For me that example is working @mattijn. (Or at least it displays without an error.)
When you run print(chart.to_json())
, does the params
property show up at the top level (that's where we want it)? Maybe the GitHub repo hadn't fully updated when you tested it?
Ah, yes! Latest commit didn't come properly through. Yes, this works now as well!
Great! Please keep looking for examples that don't work as expected.
This is not working, it resolves as option 3 from https://github.com/vega/vega-lite/issues/6890#issuecomment-1266821631. Probably outside the scope of this PR?
import pandas as pd
import altair as alt
source_url = "https://unpkg.com/[email protected]/data/weather.csv"
highlight = alt.selection_point(
nearest=True, on="mouseover", encodings=["x"], clear="mouseout"
)
chart = alt.Chart(source_url).mark_circle().encode(
x=alt.X("month(date):T"),
color=alt.Color("location:N"),
y=alt.Y(alt.repeat(), type="quantitative", aggregate="mean"),
size=alt.condition(highlight, alt.value(200), alt.value(50), empty=False),
).repeat(["temp_max", "precipitation", "wind"]).add_params(highlight)
chart
Hmm, do you see what's wrong with the json that results from your example? At first glance I would have expected this json to be correct. Open the Chart in the Vega Editor
Nope, reported here: https://github.com/vega/vega-lite/issues/8452. Including a grouped issue regarding all the issues we have for the repeat
operator, https://github.com/vega/vega-lite/issues/8453.
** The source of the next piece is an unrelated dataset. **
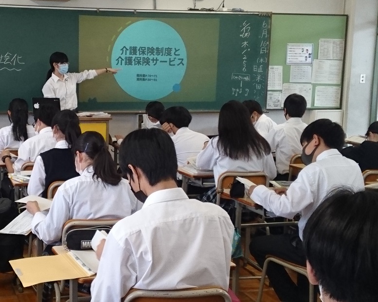 三週間の予定で、先月末から2名の卒業生が教育実習に来ています。最終週に入り、研究授業を行いました。一人は保健の授業で、「妊娠・出産と健康」の単元、もう一人は家庭科で「高齢社会を生きる〜介護保険制度」の単元でした。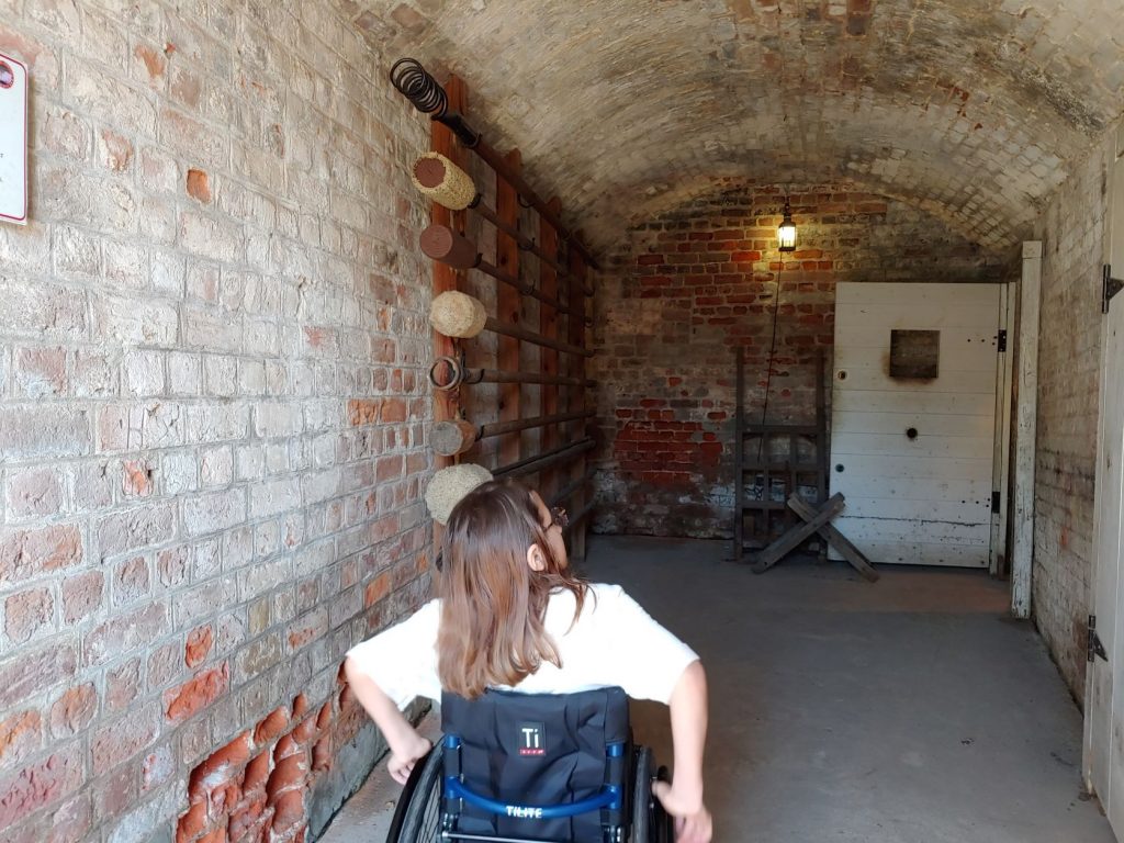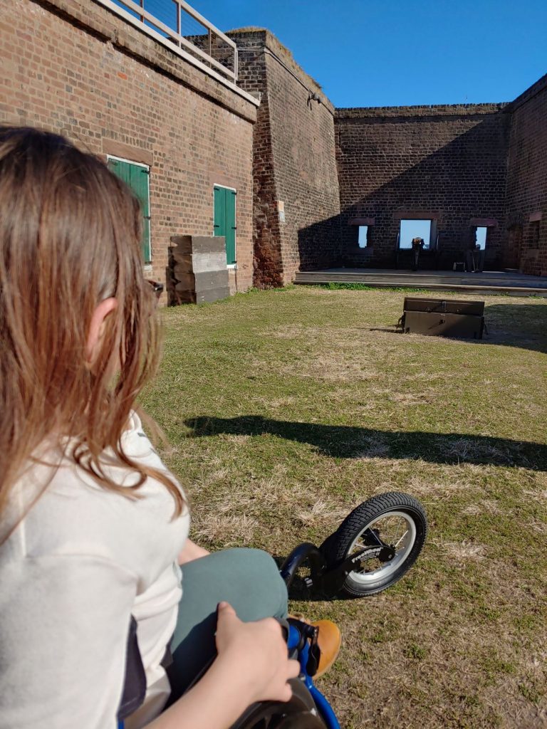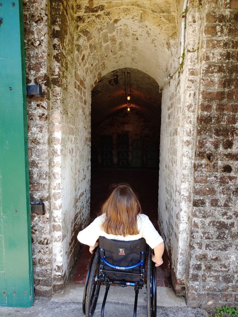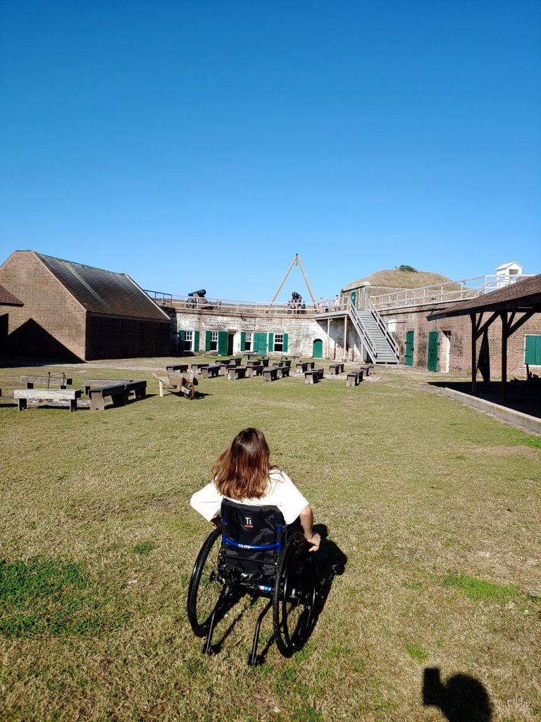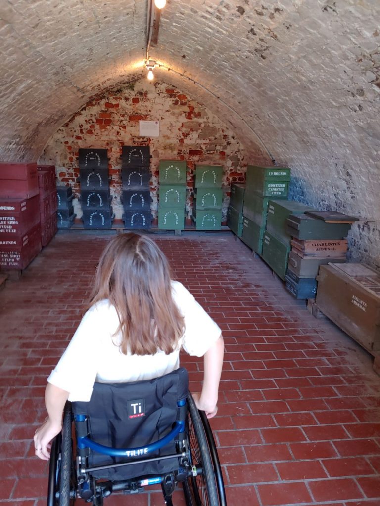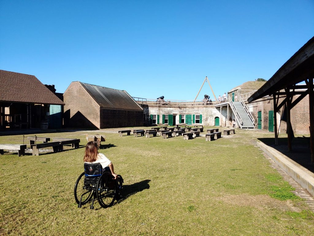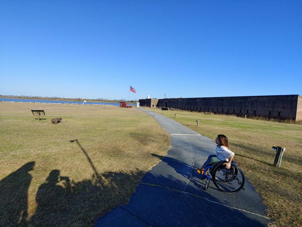 For an old fort, we were happy with how accessible Old Fort Jackson was. I used my freewheel and was able to navigate the large grassy areas, while the interior parts of the fort were easy enough to handle with my regular wheels. The only tricky part was parking, as most visitors go through the tiny Visitor Center. While the center has a steep wooden ramp on the front, the exit and path that follow are not designed for mobility. Instead, those who need to, are instructed to drive down to the end of the parking lot and cross to the fort along an access road. For a historic site, we were happy with what I could explore. There were only two parts I couldn’t access, the upper bunker level walkway and one demonstration area that has benches too close together to navigate between. I highly suggest asking lots of questions, the guide who was there for us knew so much about the history of the fort. There was a lot to learn!

I discovered two more issues that are not working:
First, .interactive()
does not work in combination with h
/v
-concat
:
!python -m pip install git+https://github.com/ChristopherDavisUCI/altair.git@liftparams
import altair as alt
source = 'https://unpkg.com/[email protected]/data/weather.csv'
# interval = alt.selection_interval(encodings=['x'], bind='scales')
line = (
alt.Chart(height=100)
.mark_bar(point=True)
.encode(
x=alt.X("date:T"),
y=alt.Y("precipitation:Q"),
color=alt.Color("location:N"),
)
)
alt.vconcat(line, line, data=source).interactive(bind_y=False) # .add_params(interval)
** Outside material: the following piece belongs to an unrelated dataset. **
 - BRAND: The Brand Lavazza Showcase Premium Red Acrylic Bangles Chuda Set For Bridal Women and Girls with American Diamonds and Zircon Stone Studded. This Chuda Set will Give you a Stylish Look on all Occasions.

AttributeError: 'VConcatChart' object has no attribute 'interactive'
Second, I get a duplicate signal name error with the following:
highlight = alt.selection_point(
nearest=True, on="mouseover", encodings=["x"], clear="mouseout"
)
interval = alt.selection_interval(encodings=['x'], bind='scales')
line = (
alt.Chart(height=100)
.mark_line(point=True)
.encode(
x=alt.X("month(date):T"),
y=alt.Y("mean(precipitation):Q"),
color=alt.Color("location:N"),
)
) # .interactive(bind_y=False) # add_params(interval)
rule = (
alt.Chart()
.mark_rule()
.encode(
x=alt.X("month(date):T"),
color=alt.value("black"),
opacity=alt.condition(highlight, alt.value(1), alt.value(0), empty=False),
)
)
tick = (
alt.Chart()
.mark_tick(point=True)
.encode(
x=alt.X("month(date):T"),
y=alt.Y("mean(precipitation):Q"),
color=alt.Color("location:N"),
)
)
alt.vconcat(line, tick + rule, data=source).add_params(
highlight
)
Javascript Error: Duplicate signal name: "param_45_tuple" This usually means there's a typo in your chart specification. See the javascript console for the full traceback.
Thanks @mattijn I will check those out! I always appreciate these bug examples.
By the way, it's slightly easier for me when you use the "url" data syntax, because then the json that's created is much more manageable. So if it's ever easy to make that switch, please do!
Will do!
Thanks for changing the data! I will try to understand the syntax so I can do that myself in the future.
Are we sure vconcat and hconcat should have an interactive
method? I looked back to v3 and I see interactive
defined for Chart, LayerChart, FacetChart, and RepeatChart but not VConcatChart.
For me it make sense and the VL-scheme is OK with it. If defined on the concat level, the axis interaction will be done on both charts:

Open the Chart in the Vega Editor
This is different compare to when defining on each sub-chart (which works already):
Open the Chart in the Vega Editor
Even with unequal axis name and type, this is OK on the concat: Open the Chart in the Vega Editor
BTW, it's just a shortcut to the parameter variant (which works already):
interval = alt.selection_interval(encodings=['x'], bind='scales')
line = (
alt.Chart(height=100)
.mark_bar(point=True)
.encode(
x=alt.X("date:T"),
y=alt.Y("precipitation:Q"),
color=alt.Color("location:N"),
)
)
alt.vconcat(line, line, data=source).add_params(interval) # .interactive(bind_y=False)
For the second example regarding the duplicate signal, I think we had this issue before.
If I change .mark_line(point=True)
to .mark_line(point=False)
it works. See https://github.com/vega/vega-lite/issues/7854, but that Altair spec it refers to does work now already.. (https://github.com/altair-viz/altair/pull/2528#issuecomment-992989438)